I don't have any problem with saying that he is if it's defensible based on what he actually does say elsewhere, or for saying that Ron Paul is either, given the policies that Ron Paul supports. But I note that in spite of supporting policies that immigration restrictionists would call "open borders," Ron Paul describes his own position as not being for open borders, and those same immigration restrictionists cling to quotes like that as if they overturn the specifics of the actual policies he supports.

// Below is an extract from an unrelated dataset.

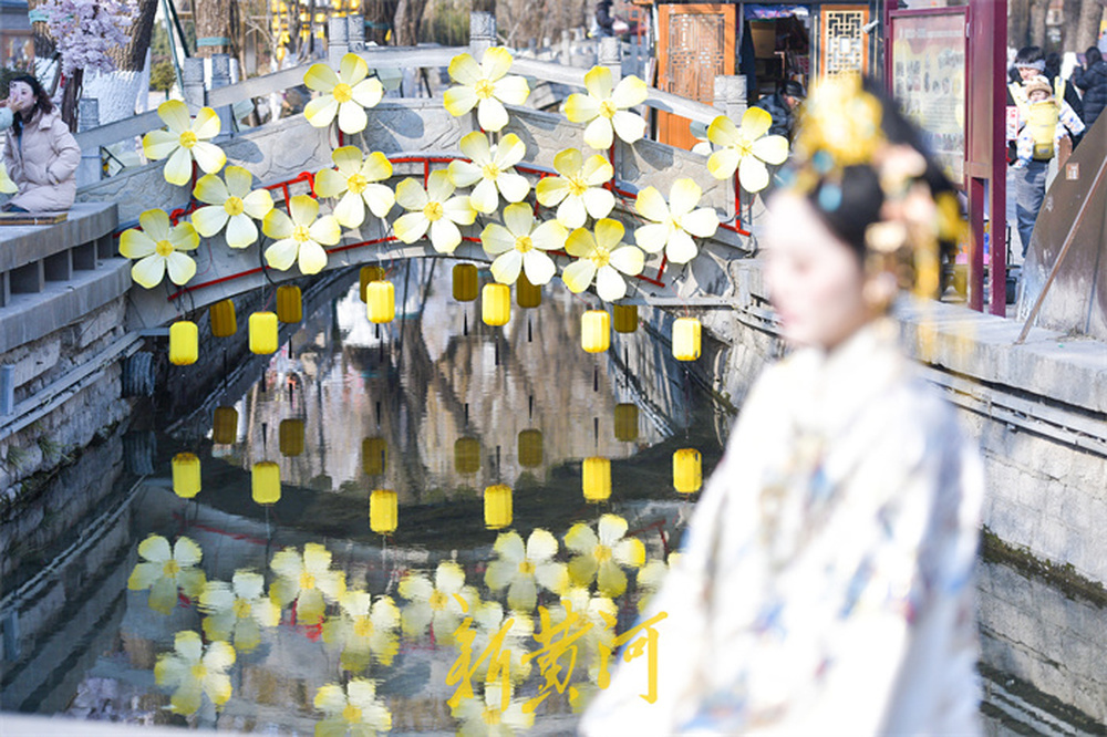 1月23日,随着农历春节的脚步日益临近,济南明府城老街的传统年节装饰已陆续上新。古色古香的街区被精心装点,大树与小桥上挂满了一串串明黄色的灯笼,配以花瓣造型的装饰灯,营造出温暖喜庆的节日氛围。多图>>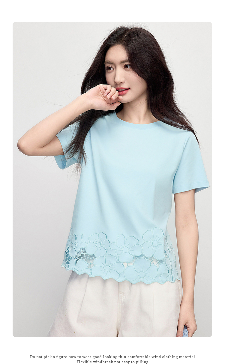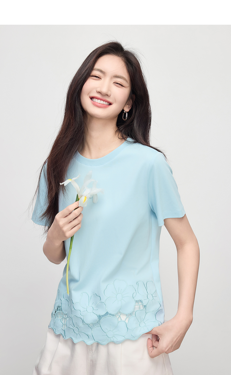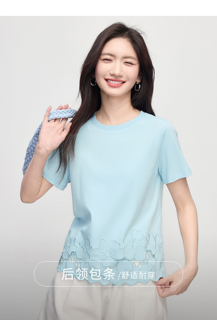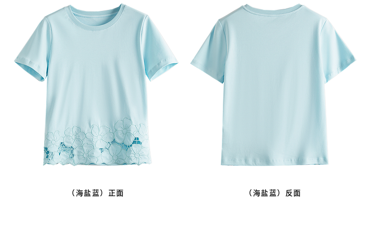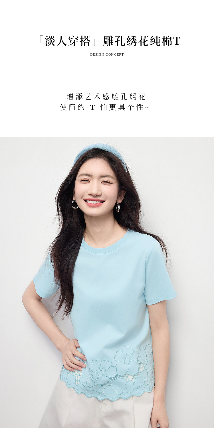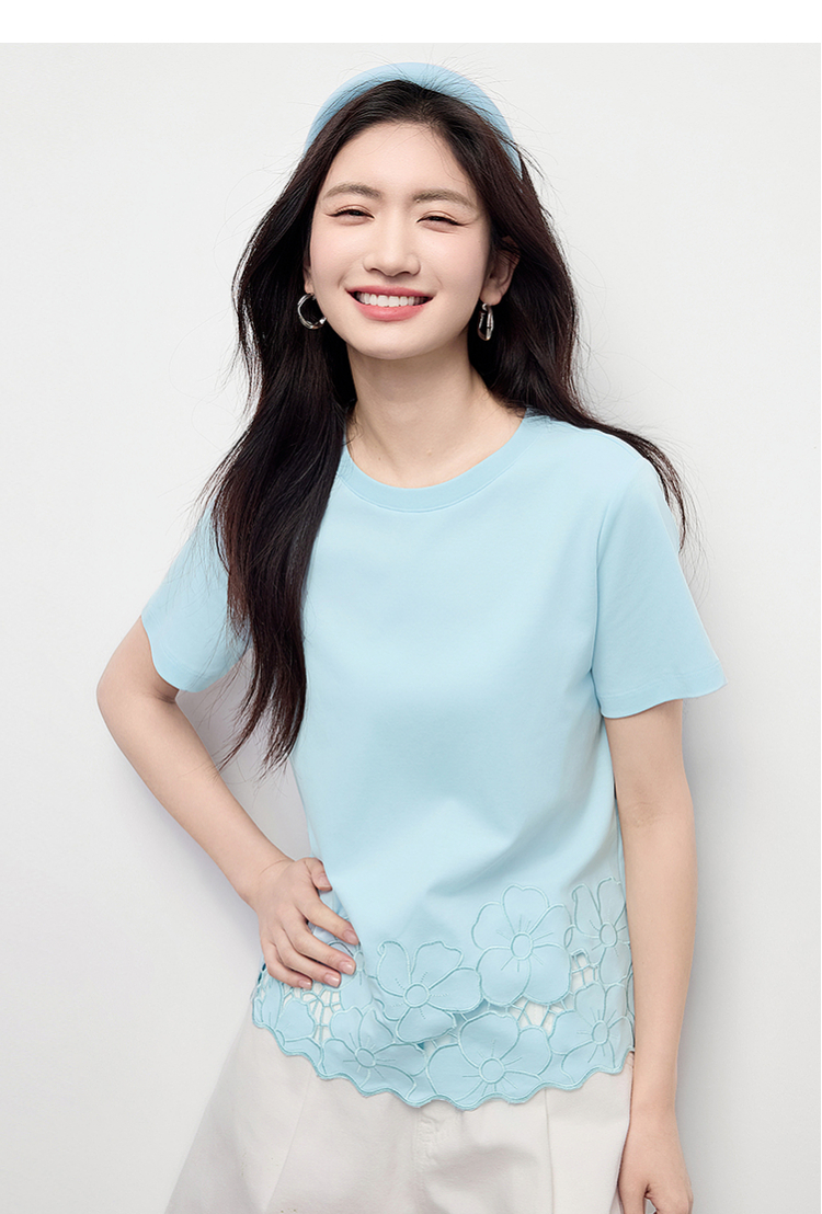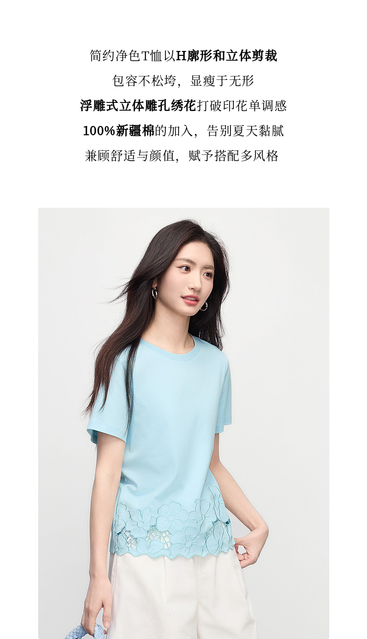 熙世界2025夏季浮雕式镂空绣花T恤女短袖设计感别致纯棉蓝色上衣

This all points to the flexibility of the phrase "open borders" along with other phrases like "border security," and the ways immigration restrictionists constantly misuse them to label people in precisely the ways I described.

----------


## specsaregood

> https://amash.house.gov/press-releas...ul-immigration
> "1) Ensuring the security of our borders, including both our physical borders and the “virtual” border of visa overstays (which account for almost half of our current illegal immigrant population) with such security acting as a pre-requisite or “trigger” for other reforms;"


Thanks,  it appears that Amash is NOT "open borders".  I think it was a reasonable question since he identifies as libertarian.
edit: meant not

----------


## Ender

> Thanks,  it appears that Amash is "open borders".  I think it was a reasonable question since he identifies as libertarian.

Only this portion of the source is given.